Oui mais...la perception que William Gardner Smith avait de la France change quand il rencontre des immigrés Algériens avec qui il sympathise et constate alors que la plupart des Français les regardent d'un mauvais oeil. On est en pleine guerre d'Algérie : là-bas, les "événements" sont de plus en plus violents et à Paris la suspicion vis à vis des Algériens de plus en plus grande. Jusqu'à la grande manifestation du 17 octobre 1961 qui tourne au massacre.
Le visage de pierre, celui qui obsède l'écrivain, c'est celui de la haine, telle qu'il l'a perçue aux Etats-Unis, quand les premiers lycéens noirs ont intégré un lycée de Little Rock, telle qu'il l'a vécue lui-même dans sa chair (il a été agressé et a perdu la vision d'un oeil), telle qu'il la constate encore et encore dans le pays où il a cru trouver refuge.

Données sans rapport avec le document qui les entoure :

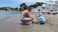 Пляж конечно не далеко, песок, есть камушки при заходе в нескольких местах, но это мелочи. Море было то холодное, то теплое не угадаешь, но чаще прогревалось к вечеру. Пляж у отеля маленький, лежаки стоят в 20 см. друг от друга и то их не хватает. Мы не жаворонки, в 7 утра на пляж не приходили, к 10 утра лежаки находили с трудом. Пляж чистят редко, не помойка, конечно, но хабарики есть, тина в море очень раздражала, ребенок однажды нашел битый бокал(( Пару раз видно убирали пляж тины в море не было и песок был почище, видимо раз в неделю у них там уборка, надо бы чаще, это к руководству отеля, если они читают отзывы))) Лежаков не хватало и у бассейна, даже в 5-м ряду все занято))) Муж как то пришел в 8 утра и урвал последние 2 лежака у детского бассейна. Положил вещи и ушел курить, смотрит приходят двое турок (отдыхающих), убирают чьи-то полотенца, кладут свои и уходят, к бассейну они пришли часам к 12 дня, он специально наблюдал за их лежаками)) И такая практика там не редка)) Количество людей на такой не большой территории это самый большой минус для нас, в остальном все было хорошо.
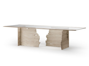 Травертин и стеклянный обеденный стол
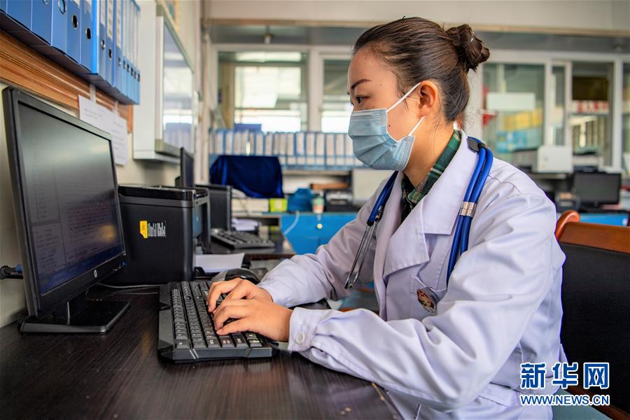 在西藏自治區(qū)人民醫(yī)院實習(xí)的西藏大學(xué)醫(yī)學(xué)院2017級內(nèi)科學(xué)專業(yè)研究生張澤鑫在工作中(2月23日攝)。新華社記者孫非攝
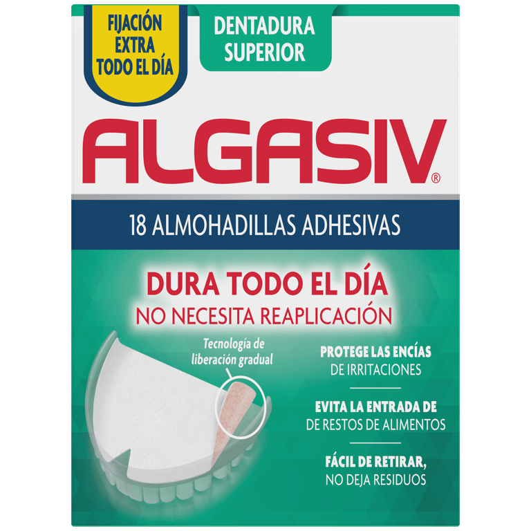 Para una sujeción completa puedes combinar Algasiv Almohadillas Adhesivas Dentadura Superior con [product 10129]Algasiv Almohadillas Adhesivas Dentadura Inferior[/product].

Le livre de William Gardner Smith, qui tient plus du récit que du roman, est sans doute un des premiers à mentionner la façon dont les Algériens ont été traités et le massacre de 1961. Bien avant Elise ou la vraie vie de Claire Etcherelli (1967), bien avant Meurtres pour mémoire de Didier Daenincks (1983). Il n'a été traduit par Brice Mathieussent et publié en France qu'en 2021. Faut-il se demander pourquoi ?....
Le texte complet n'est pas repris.